WHAT THE EXERCISE ASKS:
Without the pictures, write out all the lines below exactly as they appear.
##### DATA IN THIS EXERCISE #####
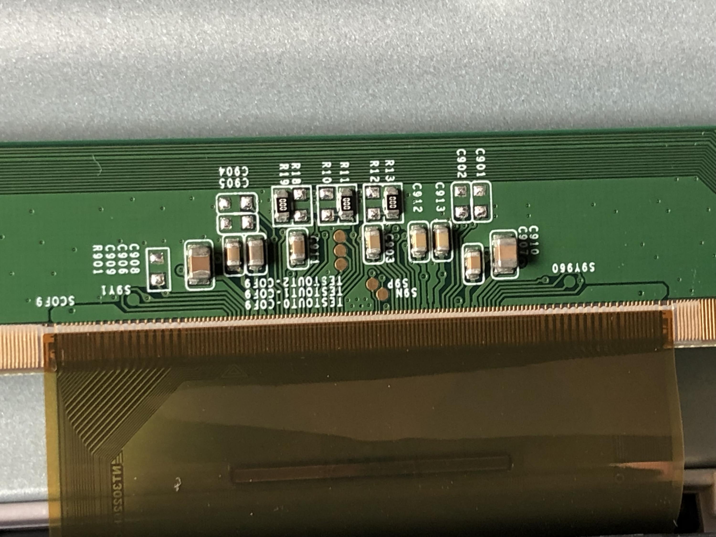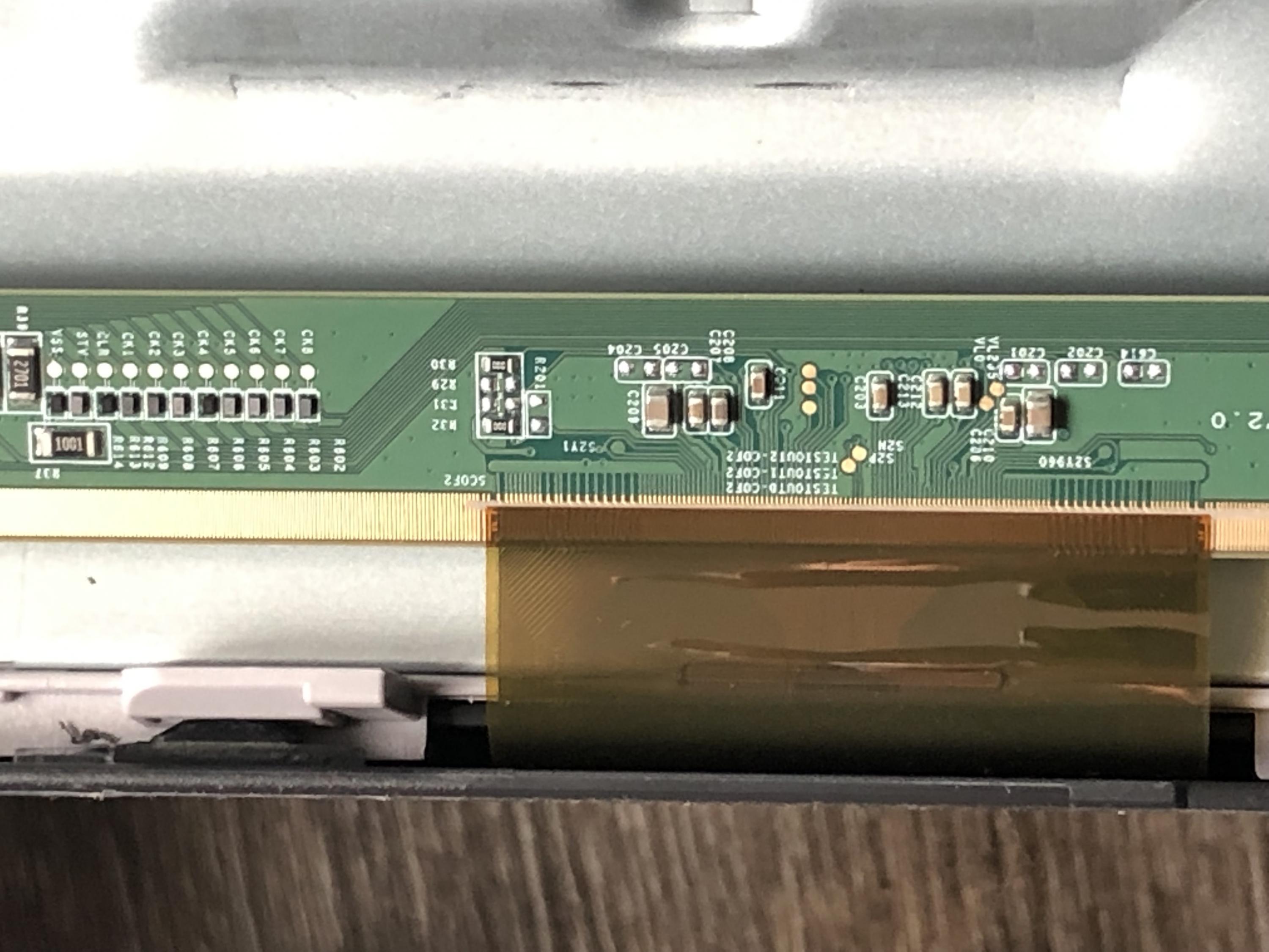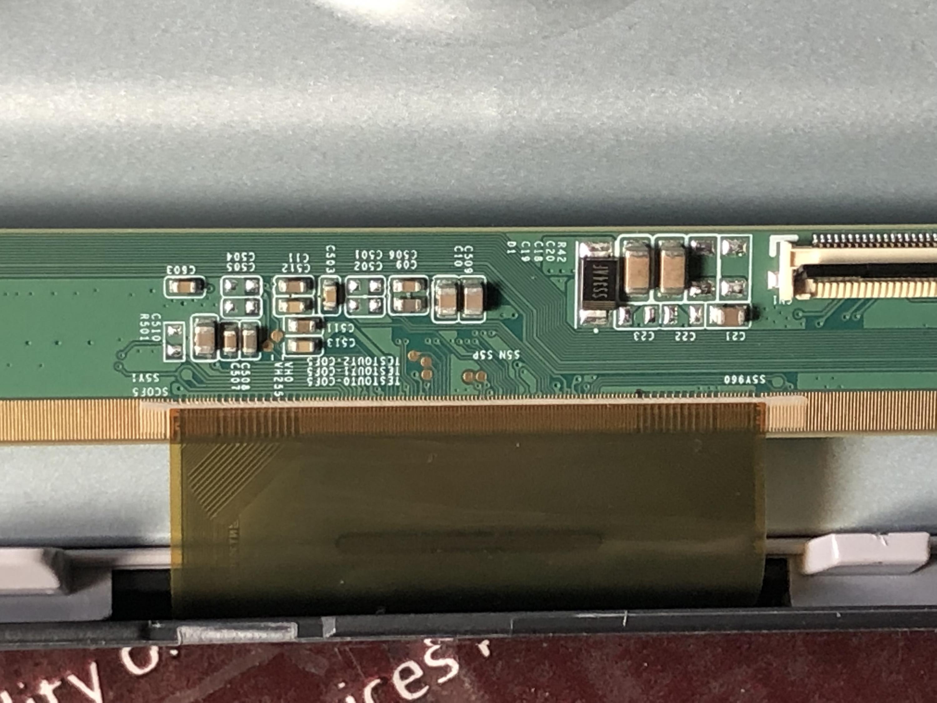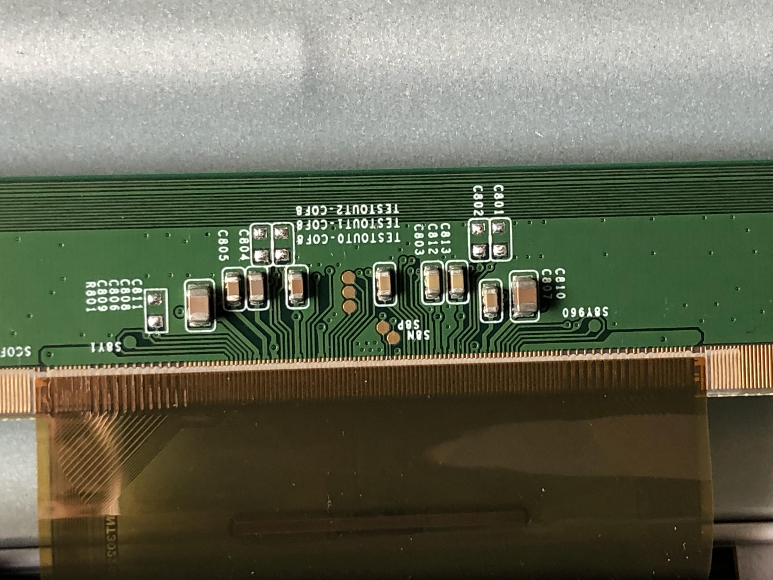I was thinking it's most likely a bad panel as well, but wanted some confirmation before I scrap it. I checked all the caps on the “driver boards” on mine and didn't see any issues there. The tape trick, blocking some of the pins on the ribbon cable did keep the TV on, but I never could get any image to display (menu, etc..), although I did hear the audio tone when selecting menu, etc.. from the remote. The best I got on the screen were a few lines of different colors. That was slowly testing by covering a few pins of the ribbon cable at a time until the TV stayed on and didn't power cycle.
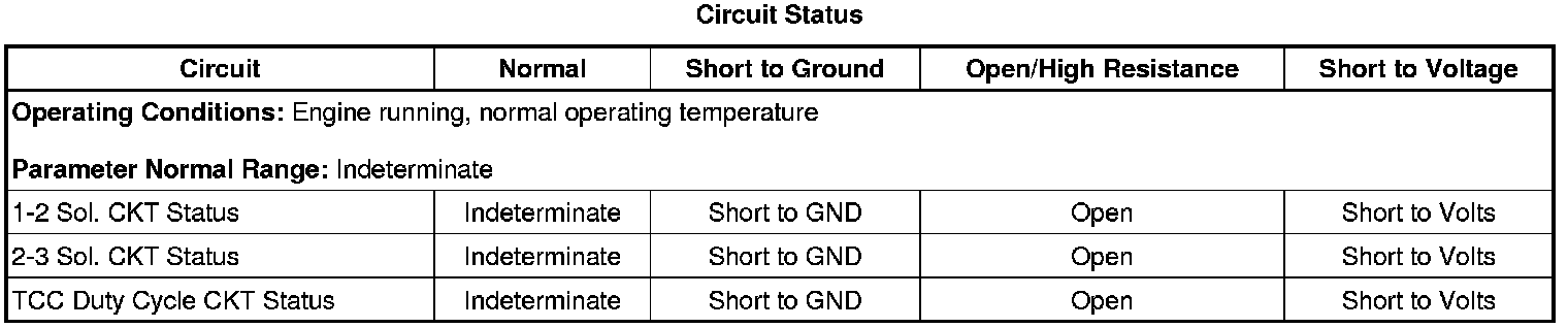 Start and idle the engine. Using the scan tool output controls command the 1-2 SS, 2-3 SS, and TCC PWM solenoid ON and OFF. Observing the CKT Status parameter on the scan tool, ensure the parameter shows OK.
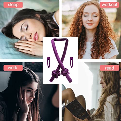 Zeayebsr Set per arricciacapelli pigro,Set da 5 pezzi bigodino per capelli mossi,Heatless Curling Ribbon And Scrunchies,Curling Tiara,strumento per lo styling dei capelli fai-da-te per capelli(Viola)
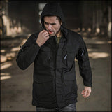 • Capuche tactique doublée (coupe-vent robuste)
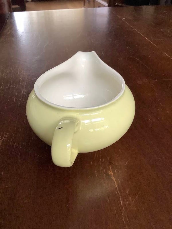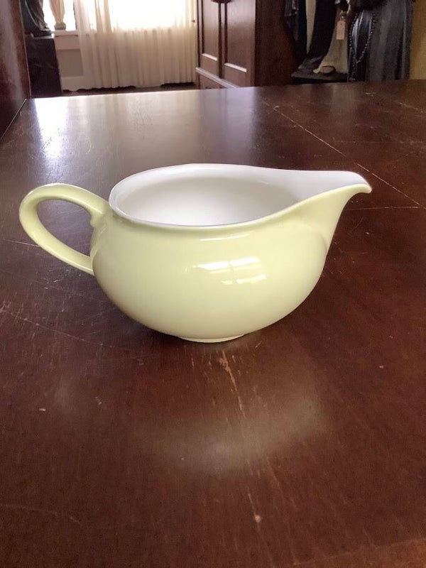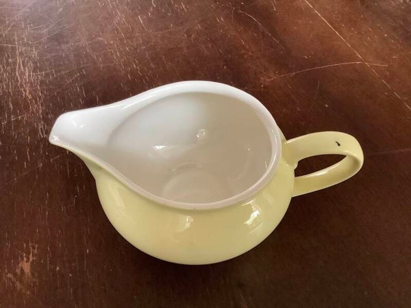 Dankzij het subtiele ontwerp en de frisse kleur is dit kannetje zowel praktisch als decoratief. Perfect als aanvulling op een vintage servies, of als charmant accent op een gedekte tafel.
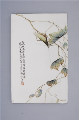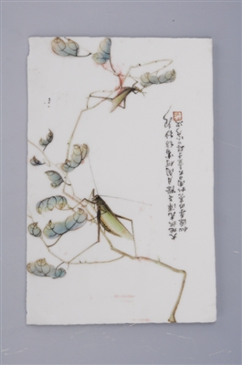 民國(guó)李明亮款粉彩蟲(chóng)草畫(huà)插屏(圖1),縱20、橫12.6、厚0.3厘米,長(zhǎng)方形單面瓷板畫(huà)插屏。正面施白釉,彩繪一條青藤和一只蚱蜢。左邊有行書(shū)題款:“大地秋光渾無(wú)際,夜闌何處紡紗聲”“皖南李明亮擬南田意于珠山客次”。
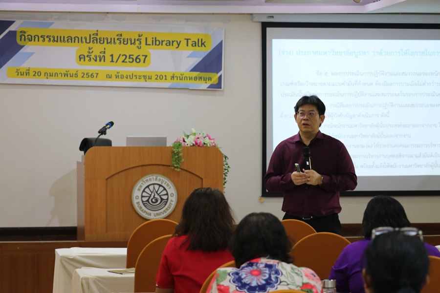 สำนักหอสมุด มหาวิทยาลัยบูรพา นำโดยอาจารย์เหมรัศมิ์ วชิรหัตถพงศ์ ผู้อำนวยการสำนักหอสมุด เป็นประธานกล่าวเปิดกิจกรรมแลกเปลี่ยนเรียนรู้ Library Talk ครั้งที่ 1/2567 พร้อมทั้งถ่ายทอดแผนยุทธศาสตร์ของสำนักหอสมุดให้บุคลากรได้ทราบ รวมถึงกิจกรรมแลกเปลี่ยนเรียนรู้ของบรรณารักษ์และนักเอกสารสนเทศงานบริการตอบคำถามและช่วยการค้นคว้าเพื่อยกระดับการบริการให้เกิดประสิทธิภาพสูงสุด เมื่อวันที่ 20 กุมภาพันธ์ 2567 ณ ห้องประชุม 201 สำนักหอสมุด
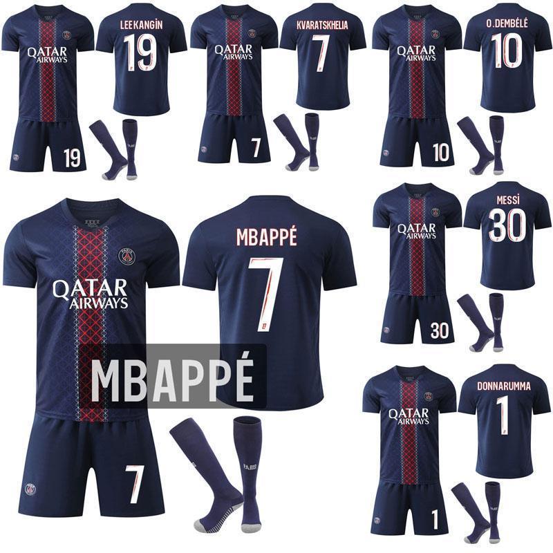 2025-26 ニューモデル 7番エムバペ、10番デンベレ、30番メッシ パリ サンジェルマン 子供 大人用セット ホームユニフォーム
#####
RESULT FOR THIS EXERCISE:
I was thinking it's most likely a bad panel as well, but wanted some confirmation before I scrap it. I checked all the caps on the “driver boards” on mine and didn't see any issues there. The tape trick, blocking some of the pins on the ribbon cable did keep the TV on, but I never could get any image to display (menu, etc..), although I did hear the audio tone when selecting menu, etc.. from the remote. The best I got on the screen were a few lines of different colors. That was slowly testing by covering a few pins of the ribbon cable at a time until the TV stayed on and didn't power cycle.
 Start and idle the engine. Using the scan tool output controls command the 1-2 SS, 2-3 SS, and TCC PWM solenoid ON and OFF. Observing the CKT Status parameter on the scan tool, ensure the parameter shows OK.
 Zeayebsr Set per arricciacapelli pigro,Set da 5 pezzi bigodino per capelli mossi,Heatless Curling Ribbon And Scrunchies,Curling Tiara,strumento per lo styling dei capelli fai-da-te per capelli(Viola)
 • Capuche tactique doublée (coupe-vent robuste)
 Dankzij het subtiele ontwerp en de frisse kleur is dit kannetje zowel praktisch als decoratief. Perfect als aanvulling op een vintage servies, of als charmant accent op een gedekte tafel.
 民國(guó)李明亮款粉彩蟲(chóng)草畫(huà)插屏(圖1),縱20、橫12.6、厚0.3厘米,長(zhǎng)方形單面瓷板畫(huà)插屏。正面施白釉,彩繪一條青藤和一只蚱蜢。左邊有行書(shū)題款:“大地秋光渾無(wú)際,夜闌何處紡紗聲”“皖南李明亮擬南田意于珠山客次”。
 สำนักหอสมุด มหาวิทยาลัยบูรพา นำโดยอาจารย์เหมรัศมิ์ วชิรหัตถพงศ์ ผู้อำนวยการสำนักหอสมุด เป็นประธานกล่าวเปิดกิจกรรมแลกเปลี่ยนเรียนรู้ Library Talk ครั้งที่ 1/2567 พร้อมทั้งถ่ายทอดแผนยุทธศาสตร์ของสำนักหอสมุดให้บุคลากรได้ทราบ รวมถึงกิจกรรมแลกเปลี่ยนเรียนรู้ของบรรณารักษ์และนักเอกสารสนเทศงานบริการตอบคำถามและช่วยการค้นคว้าเพื่อยกระดับการบริการให้เกิดประสิทธิภาพสูงสุด เมื่อวันที่ 20 กุมภาพันธ์ 2567 ณ ห้องประชุม 201 สำนักหอสมุด
 2025-26 ニューモデル 7番エムバペ、10番デンベレ、30番メッシ パリ サンジェルマン 子供 大人用セット ホームユニフォーム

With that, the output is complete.